I guess we could do the 404 == OK behavior on delete on a flag?

As far as I've seen so far, doing a delete of one of these object does in fact remove it from the listing in future (you end up with consistent deleted objects in the container.db files). I've not yet found one that isn't deletable, thankfully!

Yes, a flag would be fine, thanks.

Ah that is good.

In that case no need for a flag.

Try this

v1.63.0-beta.6959.fe43c0020.fix-swift-delete on branch fix-swift-delete (uploaded in 15-30 mins)

Hi, I downloaded rclone-v1.63.0-beta.6959.fe43c0020.fix-swift-delete-linux-amd64.zip and tried it, but I think the behaviour has not changed:

mvernon@ms-be2069:~$ sudo /home/mvernon/rclone.fix-swift-delete sync --checkers=64 --transfers=8 \
       --retries 1 --ignore-errors \
       --filter-from /etc/swift/swiftrepl_filters_nothumbs \
       --config /etc/swift/rclone.conf \
       --no-update-modtime \
       --use-mmap \
       --checksum \
       --swift-no-large-objects \
"codfw:" "eqiad:"
2023/04/17 11:49:30 ERROR : wikipedia-commons-local-public.e4/e/e4/Taurie_Music-1.jpg: Failed to copy: failed to open source object: Object Not Found
2023/04/17 13:15:04 ERROR : wikipedia-en-local-public.1a/1/1a/Erskine_Minnesota_May_2007.JPG: Couldn't delete: Object Not Found
2023/04/17 13:15:04 ERROR : Attempt 1/1 failed with 3 errors and: failed to delete 1 files
2023/04/17 13:15:04 Failed to sync with 3 errors: last error was: failed to delete 1 files
mvernon@ms-be2069:~$ echo $?
1
mvernon@ms-be2069:~$ /home/mvernon/rclone.fix-swift-delete version
rclone v1.63.0-beta.6959.fe43c0020.fix-swift-delete
- os/version: debian 11.6 (64 bit)
- os/kernel: 5.10.0-19-amd64 (x86_64)
- os/type: linux
- os/arch: amd64
- go/version: go1.20.3
- go/linking: static
- go/tags: none

(complicated a little by the fact there was an object that failed to copy, but if I read your patch correctly, I should have seen something like Dangling object - ignoring: rather than Couldn't delete: Object Not Found?)

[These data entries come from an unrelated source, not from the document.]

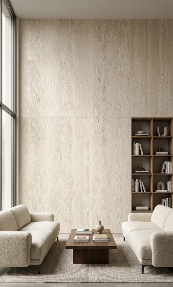 Fornir kamienny to również ultracienki kamień dekoracyjny, często na podkładzie z włókna szklanego. Idealnie sprawdza się jako fornir kamienny na ścianę, fornir kamienny do łazienki, na ścianę TV, kominek, a także jako fornir kamienny na elewację. Dzięki dużym formatom można tworzyć spójne, eleganckie powierzchnie bez dużych podziałów.
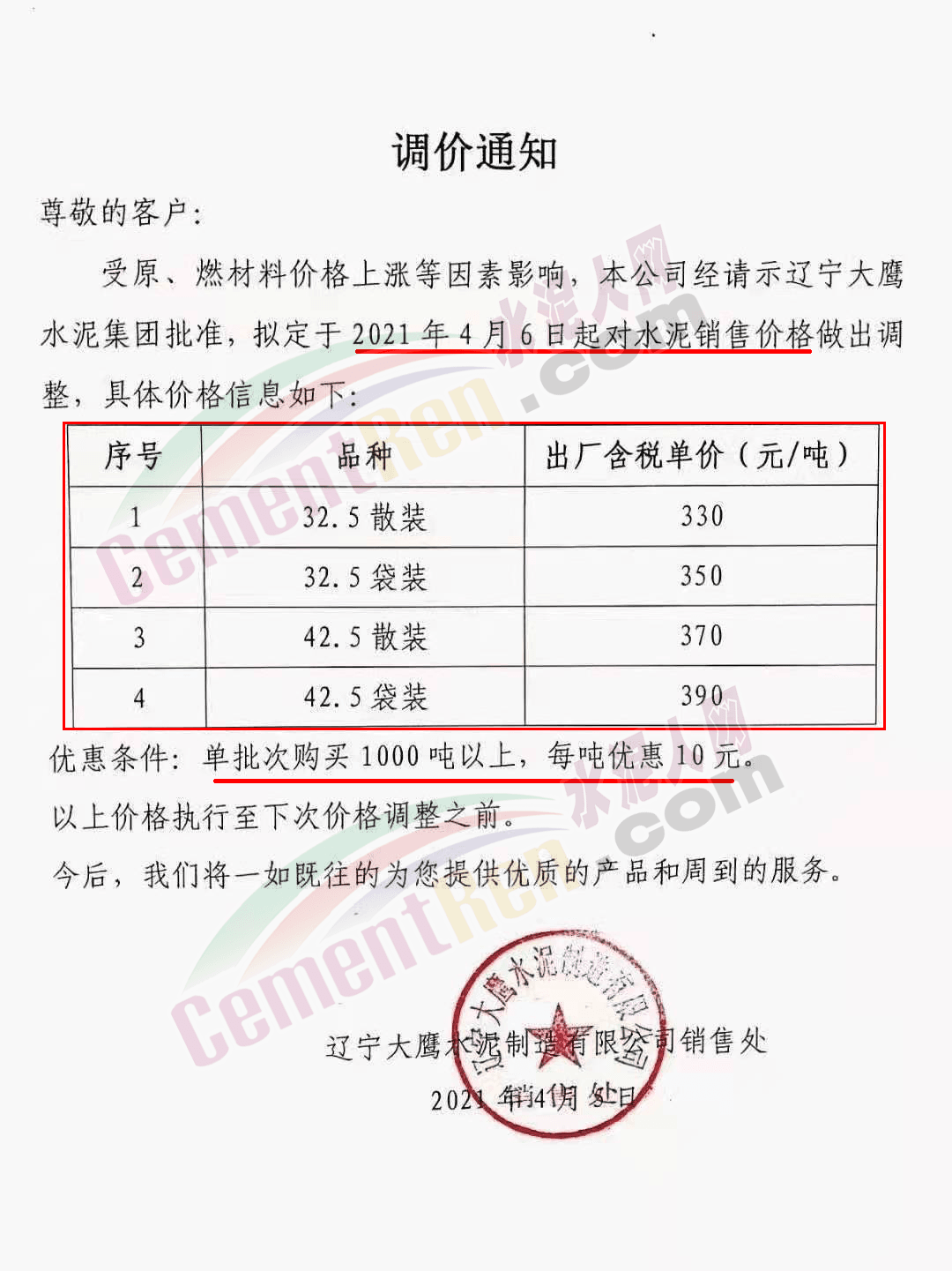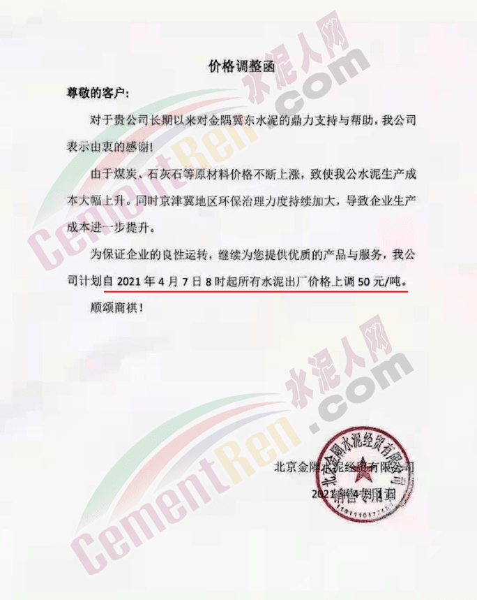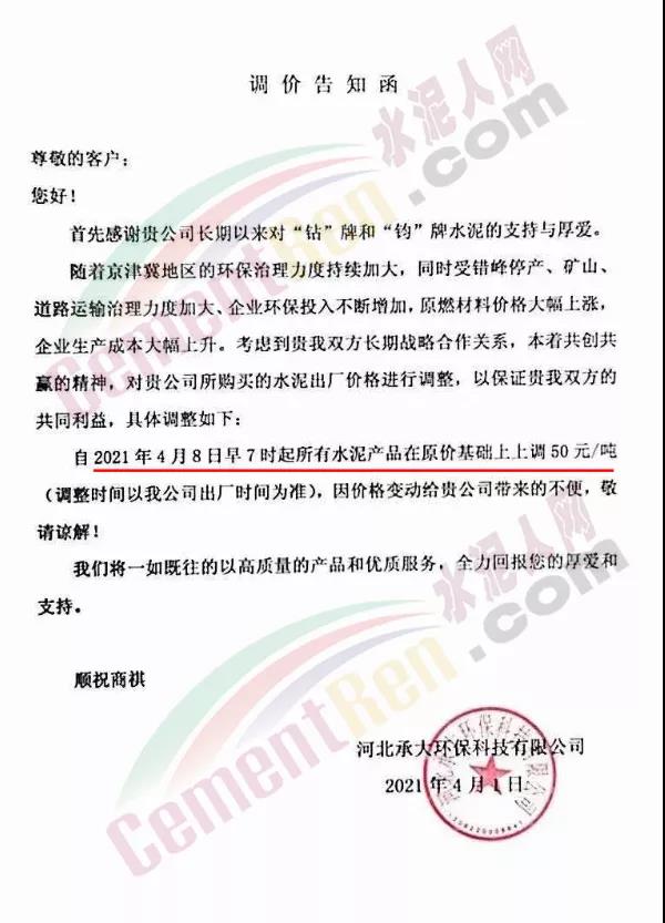 河北承大環(huán)保科技有限公司調(diào)價(jià)告知函稱,隨著京津冀地區(qū)的環(huán)保治理力度持續(xù)加大,同時(shí)受錯(cuò)峰停產(chǎn)、礦山、道路運(yùn)輸治理力度加大、企業(yè)環(huán)保投入不斷增加,原燃材料價(jià)格大幅上漲,企業(yè)生產(chǎn)成本大幅上升。自 2021年4 月8日早7時(shí)起所有水泥產(chǎn)品在原價(jià)基礎(chǔ)上上調(diào) 50 元/噸。
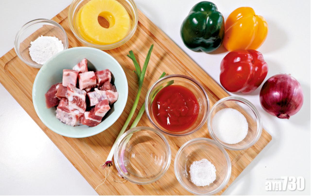8. 將排骨回鑊,加入蔬菜及菠蘿,翻炒至排骨沾上酸甜醬即可。

Hi, have managed to reproduce this without any failed copies to complicate matters:

mvernon@ms-be2069:~$ sudo /home/mvernon/rclone.fix-swift-delete sync --checkers=64 --transfers=8        --retries 1 --ignore-errors        --filter-from /etc/swift/swiftrepl_filters_nothumbs        --config /etc/swift/rclone.conf        --no-update-modtime        --use-mmap        --checksum        --swift-no-large-objects "codfw:" "eqiad:"
2023/04/19 13:25:16 ERROR : wikipedia-en-local-public.a8/a/a8/Pentagon_video_security.gif: Couldn't delete: Object Not Found
2023/04/19 13:25:17 ERROR : Attempt 1/1 failed with 2 errors and: failed to delete 1 files
2023/04/19 13:25:17 Failed to sync with 2 errors: last error was: failed to delete 1 files
mvernon@ms-be2069:~$ echo $?
1

So we have only a deletion failed, and still the non-zero exit status (and, I think, not the error message we were hoping for given your patch).

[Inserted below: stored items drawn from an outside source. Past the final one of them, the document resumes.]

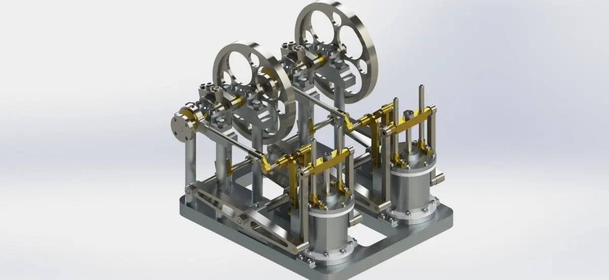 Cylinders: There are two cylinders arranged side by side or in a cross-like pattern.Pistons: Each cylinder contains a piston that moves back and forth within it.Crankshaft: The pistons are connected to a common crankshaft, which converts the reciprocating motion of the pistons into rotational motion.Connecting Rods: Connecting rods link the pistons to the crankshaft, transferring the motion of the pistons to the crankshaft.Side Beam Mechanism: A beam is attached to the connecting rods on both ends and connected to the crankshaft at the center. It transforms the vertical motion of the pistons into the rotational motion of the crankshaft.Working:
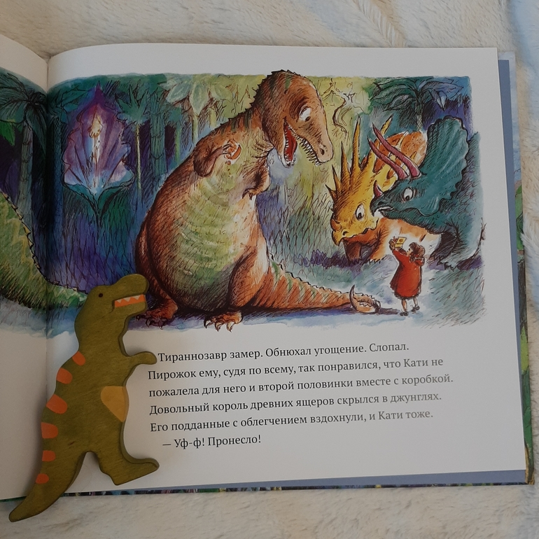Ей предстоит познакомиться с разными видами динозавров поближе, и убедиться, что пирожки с мясом ценятся даже грозными тиранозаврами)
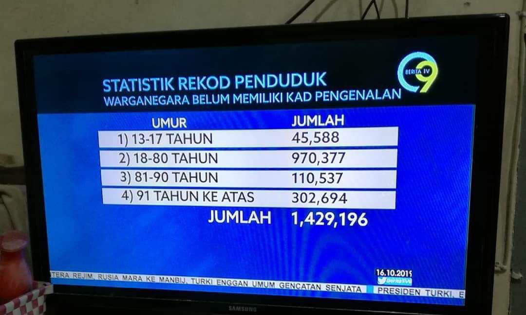 Berdasarkan statistik Jabatan Pendaftaran Negara (JPN), daripada jumlah 1.4 juta itu, 45,588 orang adalah mereka yang berusia 13-17 tahun, 970,377 (18-80 tahun), 110, 537 (81-90 tahun) dan 302,694 (91 tahun ke atas).

I looked at my code again, and I can see I'm testing for the wrong error :frowning:

Try this - hopefully it will work better!

v1.63.0-beta.6966.d0a6a71aa.fix-swift-delete on branch fix-swift-delete (uploaded in 15-30 mins)

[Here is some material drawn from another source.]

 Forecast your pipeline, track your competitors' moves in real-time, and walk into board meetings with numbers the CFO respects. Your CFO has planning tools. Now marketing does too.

Complicated by another missing object-to-copy, but this looks more hopeful:

mvernon@ms-be2069:~$ sudo /home/mvernon/rclone.fix-swift-delete sync --checkers=64 --transfers=8        --retries 1 --ignore-errors        --filter-from /etc/swift/swiftrepl_filters_nothumbs        --config /etc/swift/rclone.conf        --no-update-modtime        --use-mmap        --checksum        --swift-no-large-objects "codfw:" "eqiad:"
2023/04/21 19:41:07 ERROR : wikipedia-en-local-public.a8/a/a8/Pentagon_video_security.gif: Failed to copy: failed to open source object: Object Not Found
2023/04/21 20:41:33 ERROR : wikipedia-en-local-public.ce/c/ce/Merrick_and_his_wife.jpg: Dangling object - ignoring: Object Not Found
2023/04/21 20:41:33 ERROR : Attempt 1/1 failed with 1 errors and: failed to open source object: Object Not Found
2023/04/21 20:41:33 Failed to sync: failed to open source object: Object Not Found

That looks like it is working!

I've merged this to master now which means it will be in the latest beta in 15-30 minutes and released in v1.63

I've seen this on swift clusters too. Not sure we can do anything about it, but at least deleting the object will work now :crossed_fingers:

1 Like

This topic was automatically closed 3 days after the last reply. New replies are no longer allowed.